:: Data extract ::
○ ○ ○ ○ ○
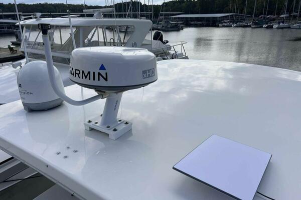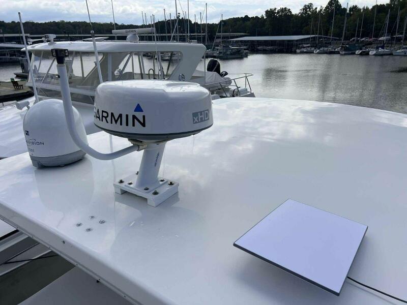 Step inside and you’ll find a spacious full-beam master suite, a welcoming salon with big windows, and a galley that’s been upgraded for real living. The aft deck with new Strataglass enclosure is perfect for morning coffee or sundown cocktails, while the command bridge features a full Garmin electronics suite integrated with a NMEA 2000 backbone—complete with autopilot, AIS, backup camera, and monitoring systems—so you can cruise with total confidence. And yes, she even has Starlink Gen 3 to keep you connected wherever you go.
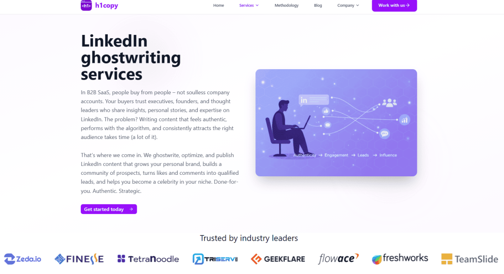 For example, an agency like h1copy, which specializes in B2B SaaS and tech, approaches LinkedIn ghostwriting as a strategic growth channel — not just a writing service.
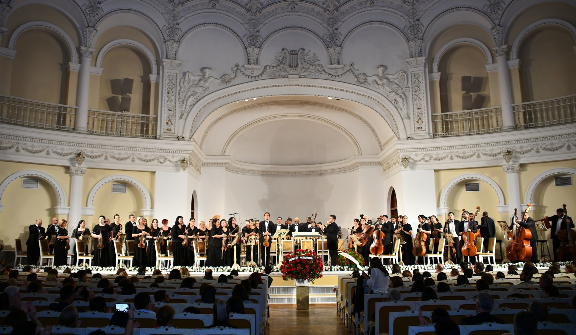 Trend xəbər verir ki, dirijor Azərbaycan Respublikasının Əməkdar artisti Əyyub Quliyevin rəhbərliyi, Ü.Hacıbəyli adına Azərbaycan Dövlət Simfonik Orkestrinin müşayiəti ilə solistlər - Azərbaycan Respublikasının Xalq artisti Murad Adıgözəl-zadə (piano), Azərbaycan Respublikasının Əməkdar artisti Elvin Hoca Qəniyev (violin), Dmitri Sitkovetski (violin, Böyük Britaniya) öz bənzərsiz ifalarını dinləyicilərə təqdim edib.
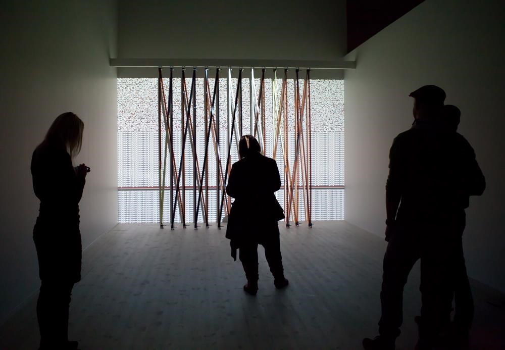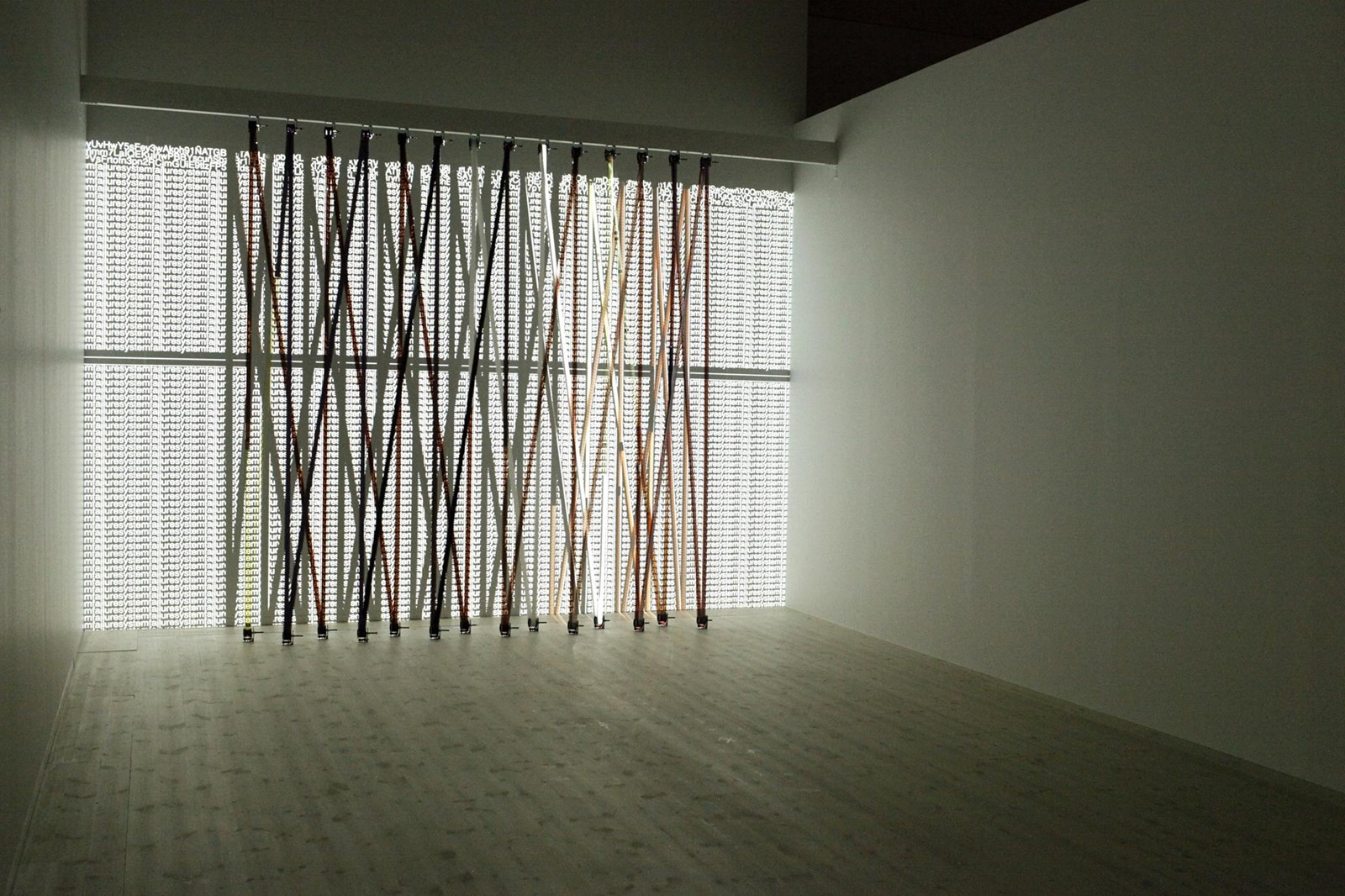 Flicker uses meters of 35 mm film to form a lattice onto which fragments of silver-screen classics are projected. The work explores the passage from analogic to digital media, as well as reconceptualizing Cinema as sculpture.
○ ○ ○ ○ ○
:: Try it ::
From the first line of the material to the last, retype everything exactly except the images.

:: Exercise solution ::
 Step inside and you’ll find a spacious full-beam master suite, a welcoming salon with big windows, and a galley that’s been upgraded for real living. The aft deck with new Strataglass enclosure is perfect for morning coffee or sundown cocktails, while the command bridge features a full Garmin electronics suite integrated with a NMEA 2000 backbone—complete with autopilot, AIS, backup camera, and monitoring systems—so you can cruise with total confidence. And yes, she even has Starlink Gen 3 to keep you connected wherever you go.
 For example, an agency like h1copy, which specializes in B2B SaaS and tech, approaches LinkedIn ghostwriting as a strategic growth channel — not just a writing service.
 Trend xəbər verir ki, dirijor Azərbaycan Respublikasının Əməkdar artisti Əyyub Quliyevin rəhbərliyi, Ü.Hacıbəyli adına Azərbaycan Dövlət Simfonik Orkestrinin müşayiəti ilə solistlər - Azərbaycan Respublikasının Xalq artisti Murad Adıgözəl-zadə (piano), Azərbaycan Respublikasının Əməkdar artisti Elvin Hoca Qəniyev (violin), Dmitri Sitkovetski (violin, Böyük Britaniya) öz bənzərsiz ifalarını dinləyicilərə təqdim edib.
 Flicker uses meters of 35 mm film to form a lattice onto which fragments of silver-screen classics are projected. The work explores the passage from analogic to digital media, as well as reconceptualizing Cinema as sculpture.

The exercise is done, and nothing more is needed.